Dataset records
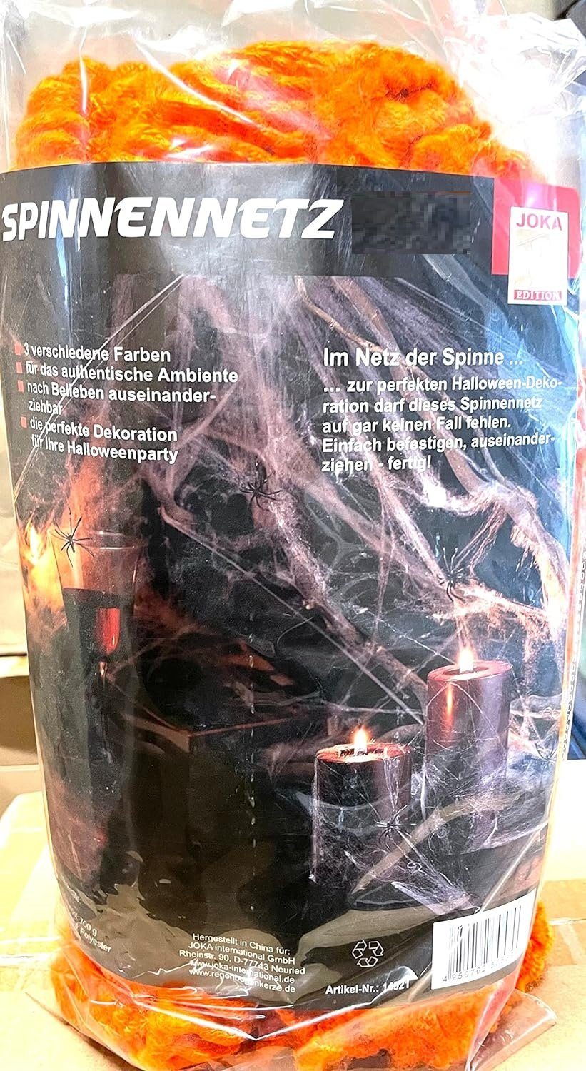 Super tolles Spinnennetz 350 g in der Farbe Orange. Zur Halloween-Dekoration darf ein Spinnennetz auf keinen Fall fehlen. Dekorieren Sie es mit kleinen Plastikspinnen und schon kann das Gruseln losgehen. Ein absolut authentisches Ambiente garantiert! Einfach befestigen, auseinanderziehen und dan ist die Deko fertig 1. Bild ist ein Beispielbild Sie erhalten das 350-GrammNetz in der Farbe ORANGE.
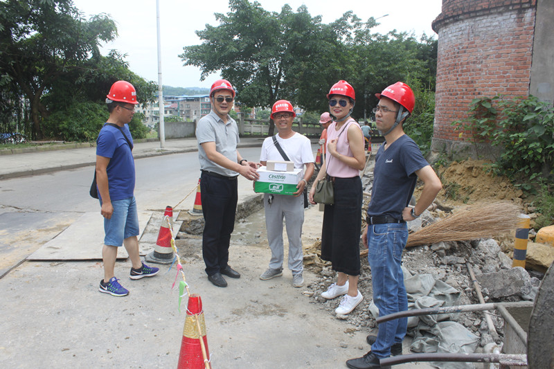 8月14日上午,公司总经理龚庆率副总经理毕雪桃、计划财务部、安装工程部负责人顶烈日、冒高温先后到远达D1-11安置房小区、环城西路西二线安装工程施工现场,看望慰问战斗在第一线的安装作业人员,同时代表公司党、政、工给他们送去了防暑降温药品和矿泉水。
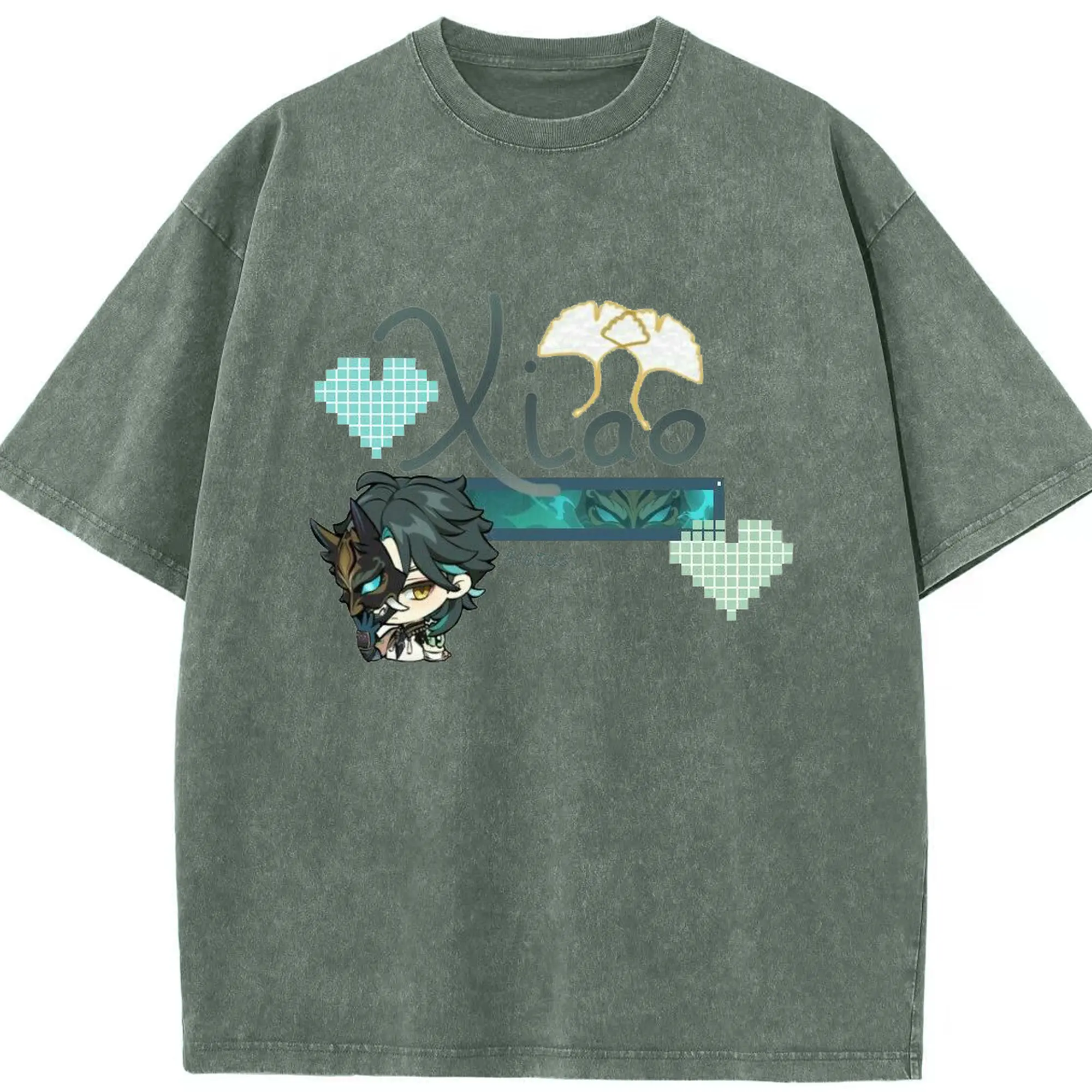 Genshin 璃月 xiao リーユエ ショウ(魈) - 綿100% ヴィンテージ風 半袖Tシャツ ・ フロントプリント ・ 柔らか肌触り ・ 通気性 快適 ・ スポーツ カジュアル 外出用
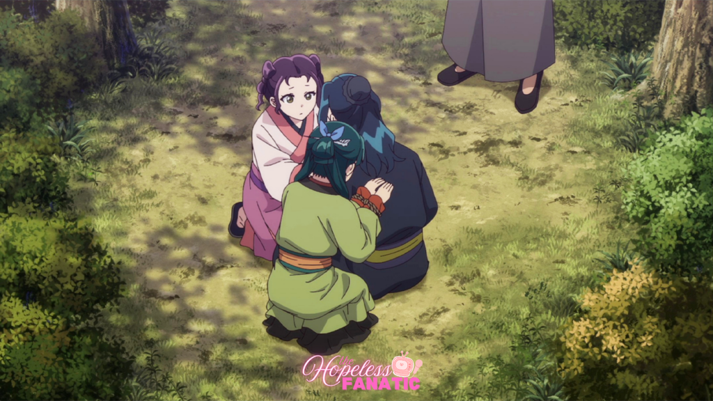 Before she successfully unveiled her discoveries, Suirei resurfaced and took both Maomao and Shisui, the bubbly servant girl, captive. While they are in transit to a new destination, Maomao concludes Shisui and Suirei are sisters when the former protects the latter from Maomao’s snake attack.
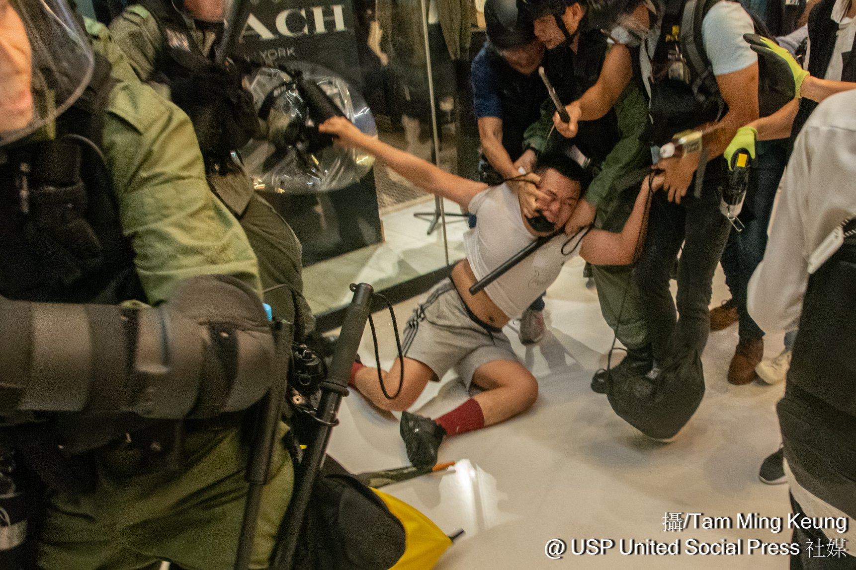 在2019年8月31日晚,過200名防暴警察突然進入太子站內追捕市民,至少有兩男一女被牢牢按在地上。更有便衣警及速龍跑車廂內追打示威者,更用警棍及胡椒噴霧重複襲擊荃灣線一卡車廂內的市民,市民身上沒有裝備,一名市民以縮骨遮抵抗警棍的攻擊,車廂內頓時內充滿市民的尖叫聲。列車曾一度閉門,令現場市民感到不安。車門隨後再次開啟,警員不下十次用手、警棍、甚至月台緊急煞停掣,阻止列車車門關閉,有指揮官在數度敲打 ...
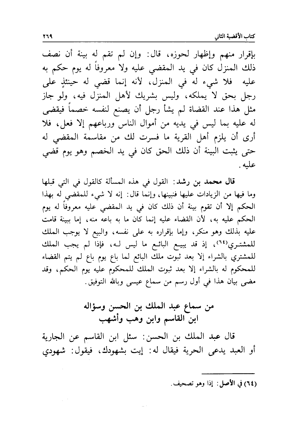 بإقرار منهم وإظهار لحوزه، قال: وإن لم تقم له بينة أن نصف ذلك المنزل كان في يد المقضي عليه، ولا معروفا له يوم حكم به عليه، فلا شيء له في المنزل؛ لأنه إنما قضي له حينئذ على رجل بحق لا يملكه، وليس بشريك لأهل المنزل فيه، ولو جاز مثل هذا عند القضاة لم يشأ رجل أن يصنع لنفسه خصما، فيقضى له عليه بما ليس في يديه من أموال الناس ورباعهم إلا فعل، فلا أرى أن يلزم أهل القرية ما فسرت لك من مقاسمة المقضي له، حتى يثبت البينة أن ذلك الحق كان في يد الخصم وهو يوم قضي عليه.
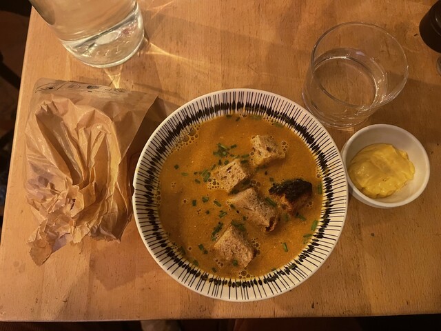 お昼時、観光途中の昼食です。ブイヤベースを頼みましたら、ボウルの中にスープとパン。外にアイヨリが付いてきます。現地の人が食べるブイヤベースはこんなものなのかと思わせてくれる味わいですね。日本の魚のお味...

*What to do*.
The copy must reproduce every entry exactly while excluding all pictures.

*Solution for this problem*.
 Super tolles Spinnennetz 350 g in der Farbe Orange. Zur Halloween-Dekoration darf ein Spinnennetz auf keinen Fall fehlen. Dekorieren Sie es mit kleinen Plastikspinnen und schon kann das Gruseln losgehen. Ein absolut authentisches Ambiente garantiert! Einfach befestigen, auseinanderziehen und dan ist die Deko fertig 1. Bild ist ein Beispielbild Sie erhalten das 350-GrammNetz in der Farbe ORANGE.
 8月14日上午,公司总经理龚庆率副总经理毕雪桃、计划财务部、安装工程部负责人顶烈日、冒高温先后到远达D1-11安置房小区、环城西路西二线安装工程施工现场,看望慰问战斗在第一线的安装作业人员,同时代表公司党、政、工给他们送去了防暑降温药品和矿泉水。
 Genshin 璃月 xiao リーユエ ショウ(魈) - 綿100% ヴィンテージ風 半袖Tシャツ ・ フロントプリント ・ 柔らか肌触り ・ 通気性 快適 ・ スポーツ カジュアル 外出用
 Before she successfully unveiled her discoveries, Suirei resurfaced and took both Maomao and Shisui, the bubbly servant girl, captive. While they are in transit to a new destination, Maomao concludes Shisui and Suirei are sisters when the former protects the latter from Maomao’s snake attack.
 在2019年8月31日晚,過200名防暴警察突然進入太子站內追捕市民,至少有兩男一女被牢牢按在地上。更有便衣警及速龍跑車廂內追打示威者,更用警棍及胡椒噴霧重複襲擊荃灣線一卡車廂內的市民,市民身上沒有裝備,一名市民以縮骨遮抵抗警棍的攻擊,車廂內頓時內充滿市民的尖叫聲。列車曾一度閉門,令現場市民感到不安。車門隨後再次開啟,警員不下十次用手、警棍、甚至月台緊急煞停掣,阻止列車車門關閉,有指揮官在數度敲打 ...
 بإقرار منهم وإظهار لحوزه، قال: وإن لم تقم له بينة أن نصف ذلك المنزل كان في يد المقضي عليه، ولا معروفا له يوم حكم به عليه، فلا شيء له في المنزل؛ لأنه إنما قضي له حينئذ على رجل بحق لا يملكه، وليس بشريك لأهل المنزل فيه، ولو جاز مثل هذا عند القضاة لم يشأ رجل أن يصنع لنفسه خصما، فيقضى له عليه بما ليس في يديه من أموال الناس ورباعهم إلا فعل، فلا أرى أن يلزم أهل القرية ما فسرت لك من مقاسمة المقضي له، حتى يثبت البينة أن ذلك الحق كان في يد الخصم وهو يوم قضي عليه.
 お昼時、観光途中の昼食です。ブイヤベースを頼みましたら、ボウルの中にスープとパン。外にアイヨリが付いてきます。現地の人が食べるブイヤベースはこんなものなのかと思わせてくれる味わいですね。日本の魚のお味...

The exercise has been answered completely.